Enhancer-related resources

In this section, we report available online resources related to enhancers, which include databases, repositories of experimental data, computational tools and other material useful for subsequent enhancer identification studies. Regarding the enhancer databases, PReMod [76] (http://genomequebec.mcgill.ca/PReMod/) and PEDB (Mammalian Promoter/Enhancer DataBase) [100] (http://promoter.cdb.riken.jp/) are two of the first resources that archived computationally predicted enhancers in human and mouse. Currently, the state-of-the-art database for enhancers is the ‘Human Transcribed Enhancer Atlas' that contains actively transcribed enhancers based on the analysis of eRNA expression [40] (http://enhancer.binf.ku.dk/enhancers.php). Except for the list of human enhancers in multiple tissues and organs, the Atlas contains utilities for downstream analysis, such as TF motif enrichment in enhancer sequences, as well as a selection of enhancers based on expression levels. In addition, all the results are publicly available as flat files or can be visualized in the Genome Browser. On the other hand, VISTA enhancer browser (http://enhancer.lbl.gov/) contains a set of developmental enhancers extremely conserved in mouse and human [77]. This list of developmental enhancers is experimentally validated in mouse [77]. There are also some other enhancer sources that archive enhancers in an integrative way. Examples are dbSUPER (http://bioinfo.au.tsinghua.edu.cn/dbsuper/index.php), which contains 66 033 super enhancer regions predicted [101] from 96 human and 5 mouse tissues, and DENdb (Dragon Enhancer DataBase) [50] (http://www.cbrc.kaust.edu.sa/dendb/), which is the first online repository of putative enhancers, from 15 ENCODE cell lines computationally predicted by five state-of-the-art ML enhancer recognition systems.
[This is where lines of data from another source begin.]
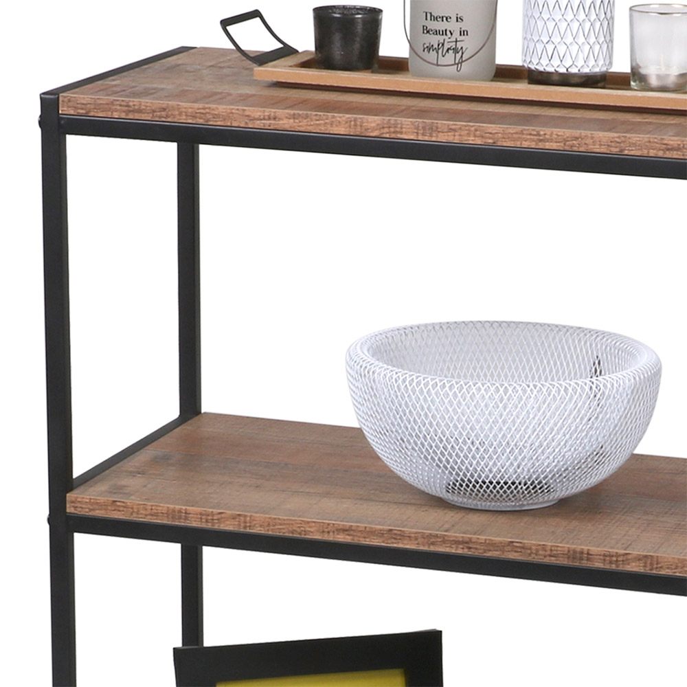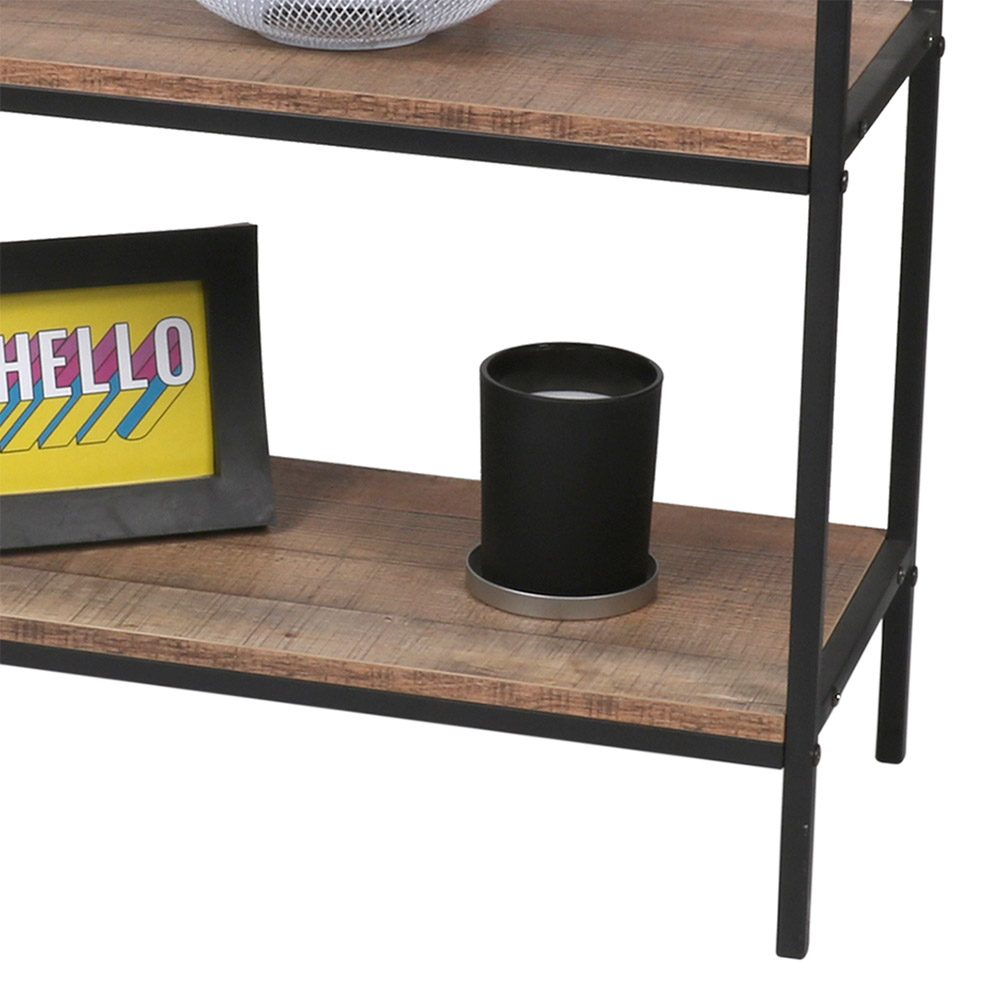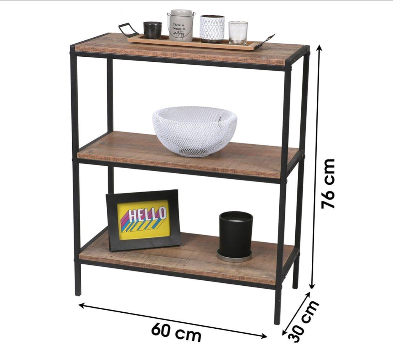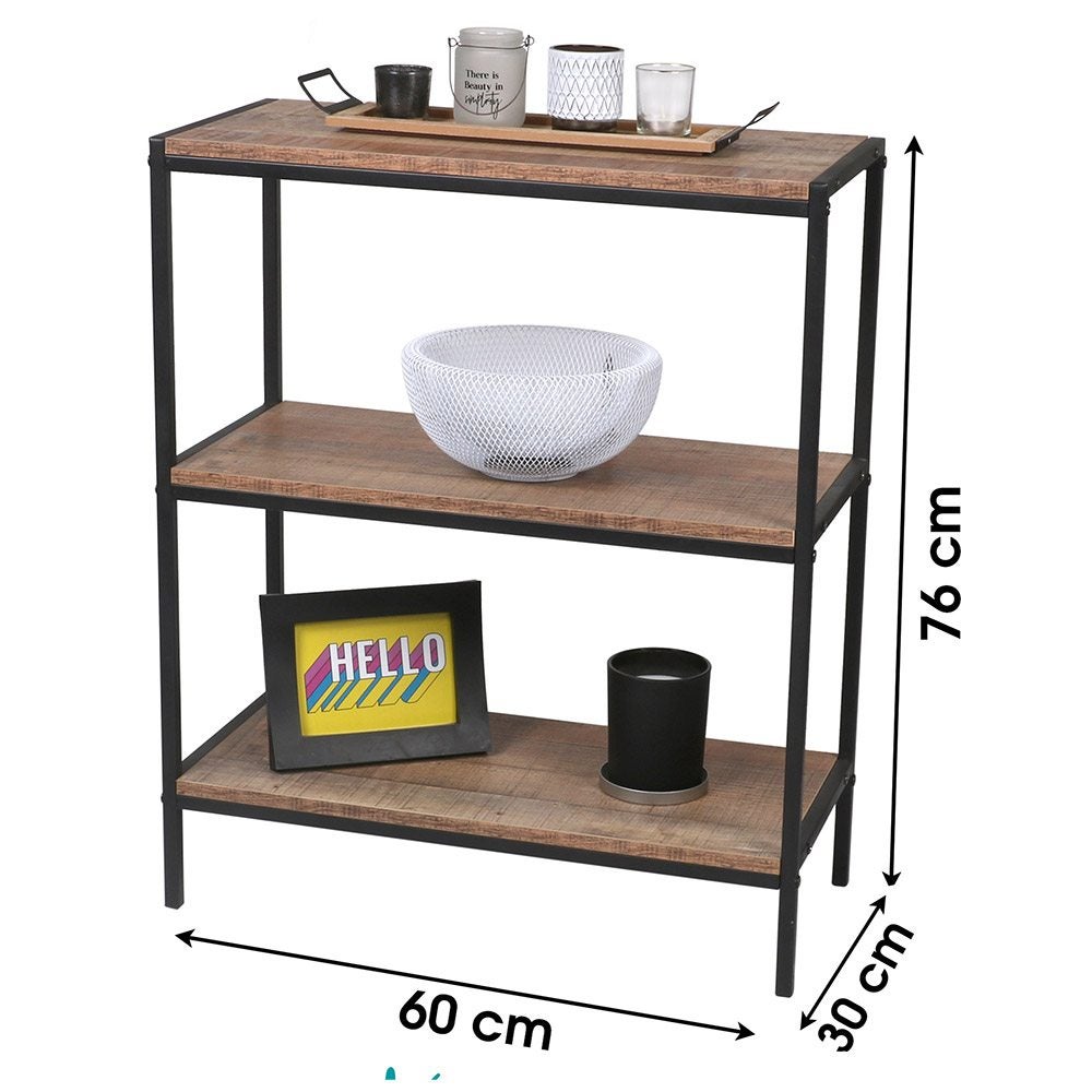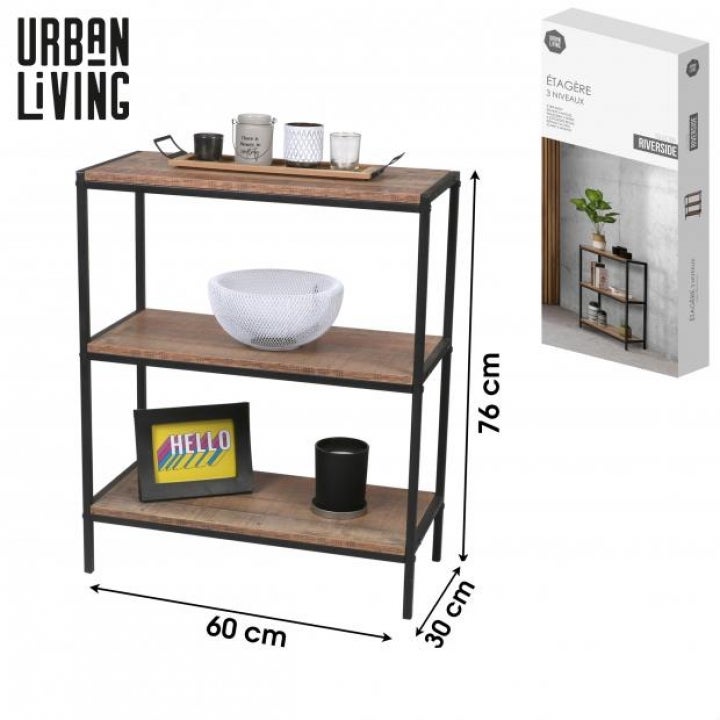 Étagère 3 niveaux "RIVERSIDE" – 60 x 30 x H76 cm – Chêne foncé & métal noir Apportez une touche industrielle et élégante à votre intérieur avec l’étagère "RIVERSIDE". Composée de 3 étagères spacieuses en panneaux effet chêne foncé, elle est idéale pour exposer vos livres, plantes, objets de décoration ou souvenirs de voyage. Ses pieds en métal noir apportent à la fois stabilité et modernité, s’intégrant parfaitement dans tous les styles de décoration : loft, contemporain ou vintage. Caractéristiques : Dimensions : 60 cm (L) x 30 cm (P) x 76 cm (H) Structure : Pieds en métal noir, finition mate Plateaux : Panneaux MDF décor chêne foncé Nombre de niveaux : 3 étagères Style : Industriel / Moderne / Minimaliste Utilisation : Salon, bureau, chambre, entrée... Compacte mais fonctionnelle, cette étagère est parfaite pour optimiser l’espace tout en apportant une note décorative chaleureuse et tendance.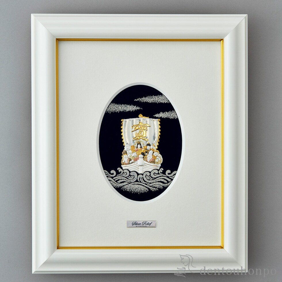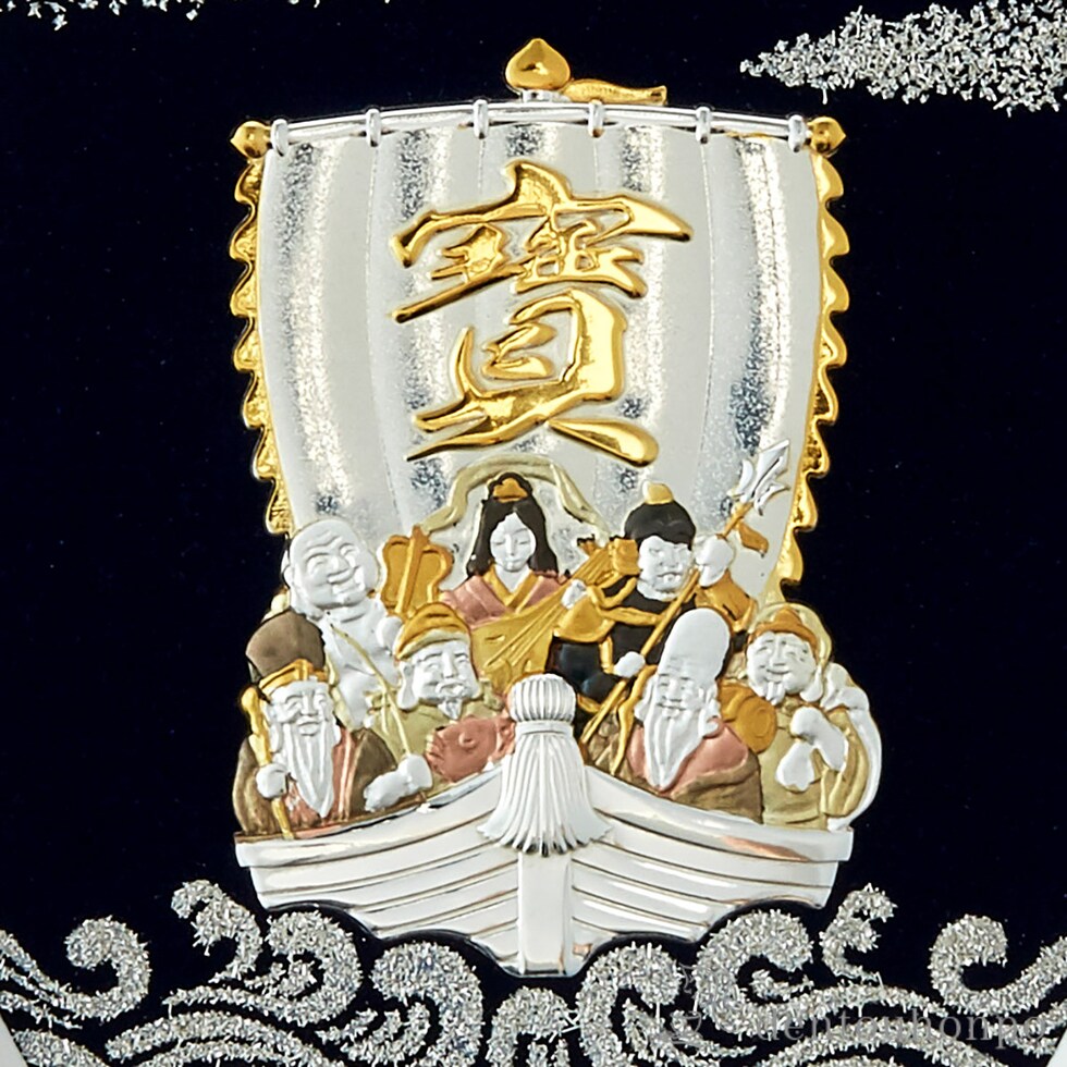 純銀 アートレリーフ 七福神宝船 12g ( 額縁 飾り フレーム 人気 おすすめ 東京銀器(銀工芸) 周年 創立 上場 竣工 誕生日プレゼント 還暦祝い 古希 喜寿 )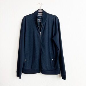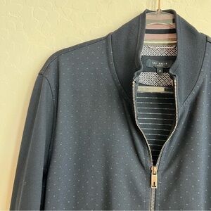 Ted Baker Men's Birdseye Printed Bomber Jacket Navy Blue Full Zip 6 (2XL)
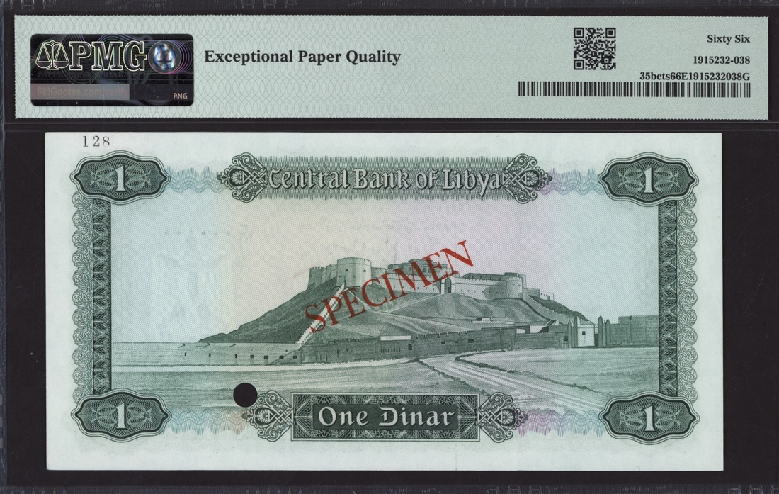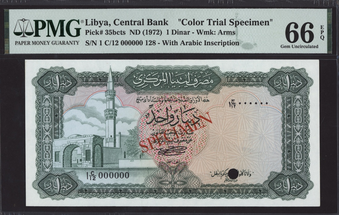 (x) Central Bank of Libya, colour trial specimen 1 Dinar, ND (1972), serial number 1 C/12 000000 128, (Pick 35bcts, BNB 503), in PMG holder 66 EPQ Gem Uncirculated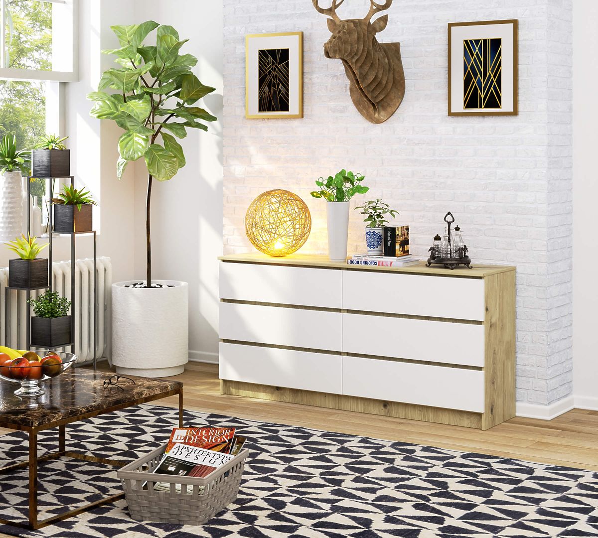 Die Kommode für das Wohnzimmer K 160 cm ist ein Möbelstück mit sechs geräumigen Schubladen. Die Kombination aus Eiche Artisan und zeitlosem Weiß führte zur Schaffung eines Möbelstücks, das perfekt in viele verschiedene Innenräume passt. Sie findet Verwendung im Schlafzimmer, Wohnzimmer, Jugendzimmer und Büro. Die Kommode harmoniert mit Räumen, die im minimalistischen, modernen, skandinavischen, Retro- und Loft-Stil eingerichtet sind. Es ist eine perfekte Kombination aus Einfachheit und Eleganz, die auch die anspruchsvollsten Kunden schätzen werden.

DENdb also incorporates utilities such as overlap of enhancers with TFBS from ChIP-seq data or predictions of TFBSs obtained by PWM from HOCOMOCO (Homo Sapiens Comprehensive Model Collection) database [102], interactions of enhancers with other genomic loci as captured by chromatin conformation technologies such as 3C/5C or ChIA-PET archived in 4DGenome database [103] (http://4dgenome.int-med.uiowa.edu/) and overlap of enhancers with open chromatin regions via DHS.

Conclusion

Bioinformatics approaches for enhancer identification are valuable for validating hypotheses and assumptions in gene regulation studies. Here, we went through >30 bioinformatics approaches that have been developed over the past few years. We covered three basic streams of computational methods including: (a) methods that identify DNA regulatory elements via clustering of histone marks profiles, open chromatin information and TFBSs; (b) ML-based classification systems; and (c) bioinformatics analyses based on high-resolution enhancer-screening data sets. During our review process, we identified and reported limitations and advantages of the existing computational methods. In addition, we summarized a comprehensive list of enhancer resources that include databases for enhancers, data repositories and open-source programs useful for further analyses. A large-scale comparison analysis of the performance of the existing methods may provide meaningful insights about the discriminative capacity of different genomic and epigenetic data sets that feed different computational solutions. We also commented on some promising areas of research, and we reported challenges that require further investigation. Among them, linking enhancers with their in vivo target genes and understanding the role of eRNAs for transcription regulation are among the most challenging topics for future research. To conclude, we anticipate that our review will complement subsequent gene regulation studies aimed at resolving questions regarding the role of enhancers into cellular transcriptional activities. Key Points Interplay between histone modification profiles, open chromatin information and TFBSs can characterize enhancer regions with increased accuracy in a cell-line-/tissue-specific content. Developed models based on SVMs, ANNs, RFs, use with various level of success, features such as binding sites of P300, CBP, TRAP220 proteins, sequence compositional properties, DHS, different chromatin marks. The effectiveness of ML models critically depend on the selected set of features, and the most promising solutions use combinations of features deriving from genomic and epigenomic data.

103 in total

1. High-resolution genome-wide in vivo footprinting of diverse transcription factors in human cells.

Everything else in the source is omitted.